So what’s driving these risks?

First, there are no real consensus standards governing design, manufacture or performance of these devices. UL and other bodies are just beginning to look at these issues.

Second, to the extent there are laws and regulations, they are being enacted by all sorts of different agencies, leaving a hodge-podge and no clear regulatory or legal direction.

​Third, very few cases outline the liability associated with IoT devices and smart homes and how judges and juries may treat liability questions.

Fourth, some of the device are poorly designed and made. The useful life of the device is not communicated and may not even be known by the manufacturer. And there is also little independent product assessment.

Fifth, some devices are being designed and made without considering the risks of the devices being exploited or in common parlance hacked. So, for example, you get baby monitors being hijacked and strangers talking to babies thru the monitors. You get TVs being hacked and held ransom.

Finally, often there is no commitment by the developer to patch and update the software. Think about how often you must update the software of your laptops, tablets and smart phones. These updates provide security from vulnerabilities and problems that are discovered. (As an aside, if you don’t promptly download these upgrades, please do so. They really do protect you). With some devices, we don’t know how and how often updates are planned and under what circumstances.

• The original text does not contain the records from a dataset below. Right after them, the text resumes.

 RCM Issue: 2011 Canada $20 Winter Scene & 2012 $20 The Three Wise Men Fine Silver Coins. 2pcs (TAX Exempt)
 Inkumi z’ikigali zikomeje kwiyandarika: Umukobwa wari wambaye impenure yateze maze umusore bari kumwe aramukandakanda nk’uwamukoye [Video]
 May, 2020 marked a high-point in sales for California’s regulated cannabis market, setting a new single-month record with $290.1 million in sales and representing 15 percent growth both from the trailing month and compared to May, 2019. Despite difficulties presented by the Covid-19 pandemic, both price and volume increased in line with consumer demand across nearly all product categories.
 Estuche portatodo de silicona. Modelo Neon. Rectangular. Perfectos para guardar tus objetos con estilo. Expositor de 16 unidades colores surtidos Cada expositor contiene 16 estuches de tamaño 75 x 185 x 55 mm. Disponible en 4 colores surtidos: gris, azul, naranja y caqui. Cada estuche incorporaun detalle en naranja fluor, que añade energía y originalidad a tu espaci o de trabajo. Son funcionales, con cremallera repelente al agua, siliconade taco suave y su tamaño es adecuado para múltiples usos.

We may not know how long the company plans to support a product with software security upgrades. We don’t know what a consumer has to do to get upgrades or how to receive them.

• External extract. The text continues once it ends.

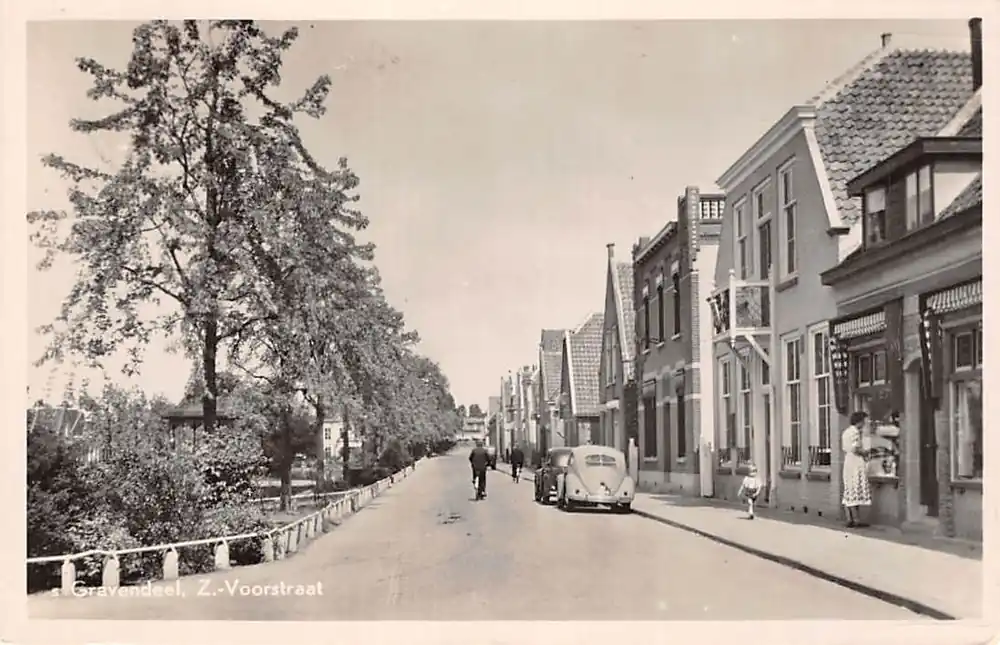 Uitg. Boekh. Fa. A. de Vries en Zn. ‘s-Gravendeel. Gelopen ansichtkaart met postzegel en stempel 1953. Linksachter wat bruine vlekjes.

Another risk stems from the fact that data from all these devices may be collected and stored someplace else with unknown quality and security controls. So you not only have more data being collected and kept than homeowners ever dreamed- data owned not by the homeowner but by someone else–but you know little about who has it and what they might do with it. And some of this data could be of pretty sensitive stuff. And informed consent as to what can be done with the data is a big issue. We are all used to seeing and agreeing to consent forms for applications (the way these are done begs whether the consent is truly informed) but how do you provide and get consent for devices that may not have a screen.

How do you provide and get consent for devices that may not have a screen?

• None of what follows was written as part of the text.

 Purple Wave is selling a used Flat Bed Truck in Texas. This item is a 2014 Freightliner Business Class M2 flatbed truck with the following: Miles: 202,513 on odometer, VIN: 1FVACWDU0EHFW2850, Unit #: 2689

And finally, as with any unregulated and untested device, there could be lots of potential failure modes that exist for a long time with results ranging from mere annoyance to catastrophic.

​​What are potential claims and exposure?

​Clearly, there could be claims for data breach or privacy violations. While at this point there is a split in jurisdictions whether this loss is something a plaintiff can recover, the trend is for courts to say that privacy has monetary value and you can sue when its lost.

And the FTC has jurisdiction to investigate and penalize unfair and deceptive business acts and believes strongly that inadequate cyber security protections and practices is such an act. It has brought enforcement cases against manufacturers of IoT products used in homes, such as cameras and routers, alleging that they were not adequately secure from data breach.

It’s also, brought proceedings against hospitals, doctors office building owners and businesses in general for not having procedures to protect security. The penalties can be significant.

But biggest concern is what happens if there is a failure-either of hardware or the software and there is a loss. What is the exposure if and when this happens. Certainly, if an IoT product is installed incorrectly or fails, the liability for that is like that of any other product—a roof or HVAC system for example.

But what if the failure results from faulty or unpatched software? There is not much law yet. Is software legally like a product? Is it more like a service? We don’t know. And what if failure occurs because the software was not upgraded or patched and the software developer is long gone? We don’t know: software is not like a product like a part in a HVAC system where if something goes bad and the manufacturer is gone there are still other parts providers.

The few cases that have dealt with these situations turned on what representations were made about the product and software and its capabilities

The few cases that have dealt with these situations turned on what representations were made about the product and software and its capabilities; what representations were made about its security and what disclosures or lack of disclosures were made about the potential risks.

So just with lots of other technologies, the is a gap between the law and new issues created by the technology; another one of many such gaps we face.

Photo Attribution: Brentano via Flickr, Justin Brockle, Boston Public Library

 

 

 

This year’s Clio Conference in New Orleans just concluded. Clio calls itself a cloud based law practice management software company. Every year, it holds a conference with lots of razzle dazzle, speakers and parties. And it always skates where the puck is going.
This year was no exception. While it offered a slew of new products (here’s a good article from Bob Ambrogi on these new ones), here are my top 10 takeaways on the conference itself.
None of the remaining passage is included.